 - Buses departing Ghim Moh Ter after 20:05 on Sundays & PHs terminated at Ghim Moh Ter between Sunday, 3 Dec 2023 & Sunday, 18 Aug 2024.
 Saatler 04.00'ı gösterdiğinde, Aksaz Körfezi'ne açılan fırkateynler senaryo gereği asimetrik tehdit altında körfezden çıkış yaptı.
---
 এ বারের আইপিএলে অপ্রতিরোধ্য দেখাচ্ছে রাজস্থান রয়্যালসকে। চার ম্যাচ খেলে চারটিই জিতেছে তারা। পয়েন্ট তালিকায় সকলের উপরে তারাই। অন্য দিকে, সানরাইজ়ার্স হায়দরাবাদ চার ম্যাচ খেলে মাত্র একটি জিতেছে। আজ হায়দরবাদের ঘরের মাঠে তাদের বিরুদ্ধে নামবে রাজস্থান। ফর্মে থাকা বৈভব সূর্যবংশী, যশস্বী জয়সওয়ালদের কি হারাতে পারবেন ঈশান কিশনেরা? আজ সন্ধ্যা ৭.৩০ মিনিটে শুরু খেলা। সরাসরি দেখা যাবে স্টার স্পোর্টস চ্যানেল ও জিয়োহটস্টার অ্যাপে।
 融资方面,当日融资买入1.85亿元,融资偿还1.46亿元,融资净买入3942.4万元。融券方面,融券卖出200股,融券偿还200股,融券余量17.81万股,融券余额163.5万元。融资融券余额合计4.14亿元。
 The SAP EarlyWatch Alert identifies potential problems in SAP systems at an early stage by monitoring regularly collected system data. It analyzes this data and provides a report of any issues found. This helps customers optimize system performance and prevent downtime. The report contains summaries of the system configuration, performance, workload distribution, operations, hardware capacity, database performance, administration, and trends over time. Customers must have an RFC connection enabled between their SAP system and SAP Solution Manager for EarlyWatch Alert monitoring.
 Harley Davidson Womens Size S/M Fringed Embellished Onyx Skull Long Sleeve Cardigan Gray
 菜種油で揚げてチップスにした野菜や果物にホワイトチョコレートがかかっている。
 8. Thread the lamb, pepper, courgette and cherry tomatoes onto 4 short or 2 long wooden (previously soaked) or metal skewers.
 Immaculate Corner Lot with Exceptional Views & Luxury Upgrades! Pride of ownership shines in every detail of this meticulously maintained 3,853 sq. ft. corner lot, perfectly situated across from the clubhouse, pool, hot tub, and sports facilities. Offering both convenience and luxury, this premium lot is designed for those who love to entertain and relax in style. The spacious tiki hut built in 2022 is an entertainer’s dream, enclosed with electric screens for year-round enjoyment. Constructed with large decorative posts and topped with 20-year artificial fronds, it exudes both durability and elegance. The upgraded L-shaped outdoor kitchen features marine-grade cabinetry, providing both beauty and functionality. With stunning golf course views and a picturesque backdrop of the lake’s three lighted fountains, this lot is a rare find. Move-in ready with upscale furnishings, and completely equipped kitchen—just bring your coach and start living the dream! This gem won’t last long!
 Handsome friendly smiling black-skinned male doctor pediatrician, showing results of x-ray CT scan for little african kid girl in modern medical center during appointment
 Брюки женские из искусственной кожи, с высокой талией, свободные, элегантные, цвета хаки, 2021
--
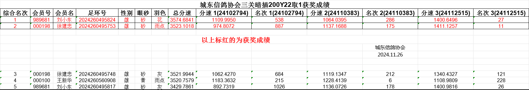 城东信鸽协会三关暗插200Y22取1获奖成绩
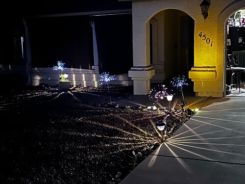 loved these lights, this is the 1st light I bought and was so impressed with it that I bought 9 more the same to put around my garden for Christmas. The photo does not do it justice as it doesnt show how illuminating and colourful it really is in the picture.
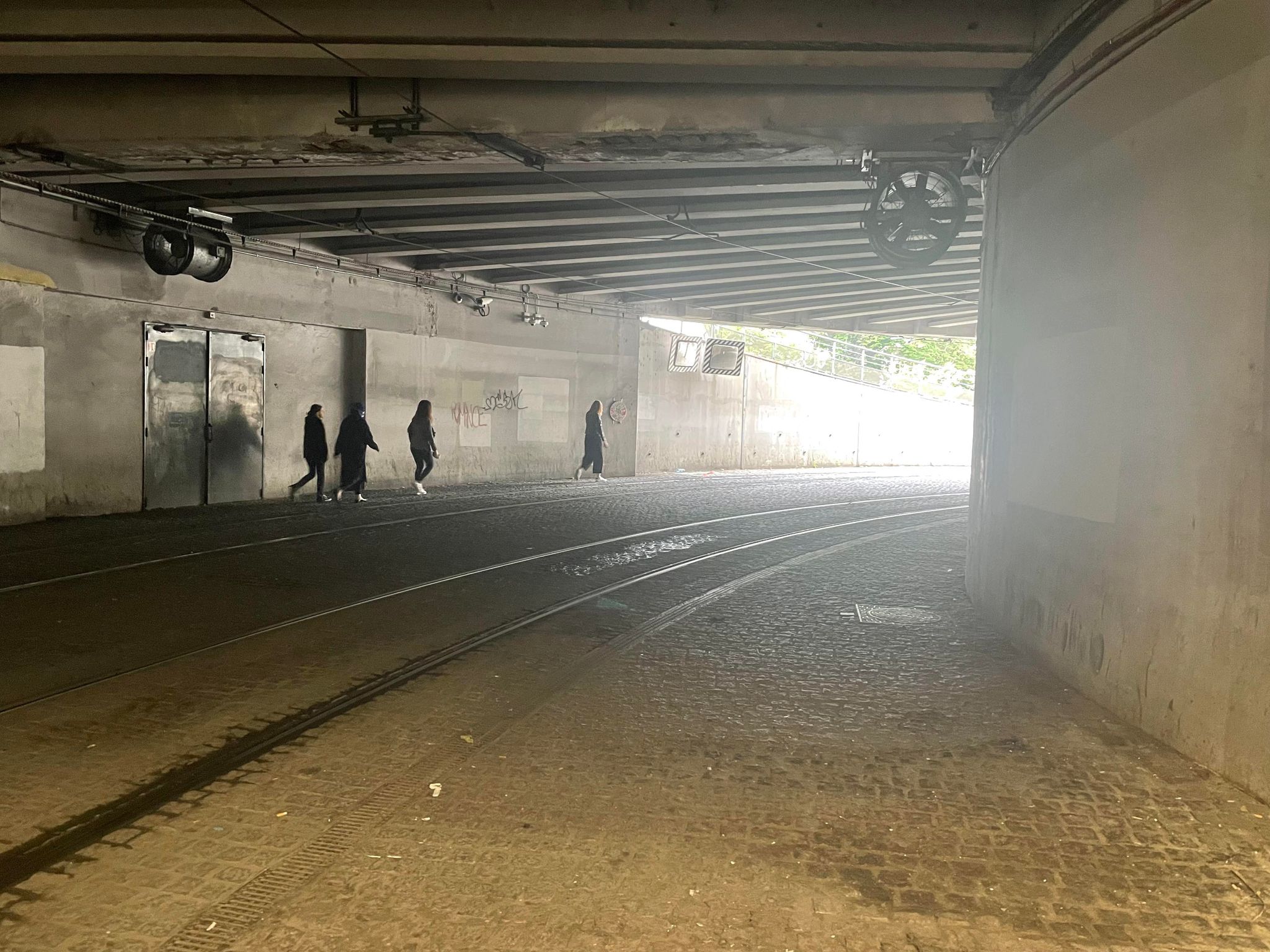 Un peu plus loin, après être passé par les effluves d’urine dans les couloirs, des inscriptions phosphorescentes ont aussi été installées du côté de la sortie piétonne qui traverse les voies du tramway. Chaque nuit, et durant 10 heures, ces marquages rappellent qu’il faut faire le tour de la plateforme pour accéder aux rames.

Task prompt:
Take the records above and return, word for word, only the lines that fall from the line with "- Buses departing" to the line with "Saatler 04.00'ı gösterdiğinde, Aksaz", both of them included.

Solution to this problem:
 - Buses departing Ghim Moh Ter after 20:05 on Sundays & PHs terminated at Ghim Moh Ter between Sunday, 3 Dec 2023 & Sunday, 18 Aug 2024.
 Saatler 04.00'ı gösterdiğinde, Aksaz Körfezi'ne açılan fırkateynler senaryo gereği asimetrik tehdit altında körfezden çıkış yaptı.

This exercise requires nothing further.